Researchers have made a step forward in the treatment of spinal muscular atrophy, a serious genetic disorder, by using a stretch of RNA to trigger mice into producing a back-up version of a missing protein.
Spinal muscular atrophy, a genetic disease causing progressive muscular weakness, particularly affects children. People with the disease are missing a gene, SMN-1, which codes for the protein SMN. This protein supports and maintains motor neurones, and without it, messages are not passed from nerves to muscles. There is a 'back-up' version of the gene, known as SMN-2, but this produces lower levels of SMN, along with partly-functioning versions of the protein, and the severity of spinal muscular atrophy depends on the number of copies of the back-up gene.
The researchers used a mouse model of spinal muscular atrophy that had been engineered to carry a partly functioning version of the gene SMN-2. The mice were given a synthetic stretch of RNA that triggered the back-up gene to make full copies of the SMN protein, and these mice lived longer, moved better and gained more weight.
This is a study using a mouse model of the disease, so the treatment of humans, even in clinical studies, is still a way off. The next step for the team is to carry out tests on transgenic pigs with spinal muscular atrophy, which have been newly developed for this project. If these are successful, however, this could lead to a treatment for a currently incurable and often fatal disease, and could open up research in other similar inherited disorders.
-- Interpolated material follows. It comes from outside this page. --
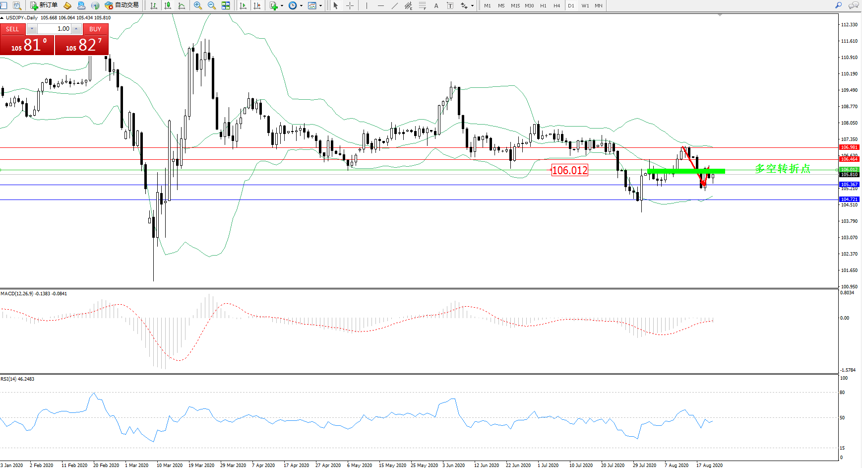 多空转折点:106.012

Chris Lorson, researcher at the Bond Life Sciences Center, professor in the Department of Veterinary Pathobiology and the Department of Molecular Microbiology and Immunology and co-author of the study, said: 'It's been remarkable to watch how quickly SMN-2 knowledge has transformed from basic molecular biology to being modified targets for novel therapeutics. SMN-2 is like a light that's been dimmed, and we're trying anything to get it brighter. Even turning it up a little bit would help dramatically'.
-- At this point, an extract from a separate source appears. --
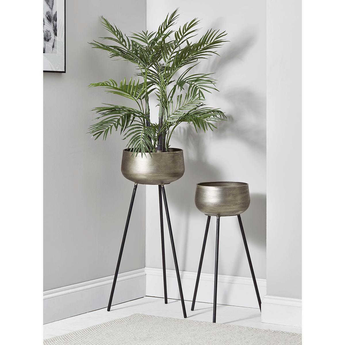With a subtle brushed gold finish and three slim black iron legs, our statement planters will make a feature of your favourite houseplant and add a decorative accent to your space. Nest together to create a stylish botanical space in your home.

Spinal muscular atrophy is the leading genetic cause of infant death worldwide, and the second leading cause of neuromuscular disease, affecting one in 6000 people. It not always fatal during childhood, however, and patients with less severe forms of the disease may survive into adulthood and occasionally old age. Around one in 30 people carry a copy of the defective gene causing spinal muscular atrophy, and if two carriers have a child, each child has a one in four chance of having spinal muscular atrophy.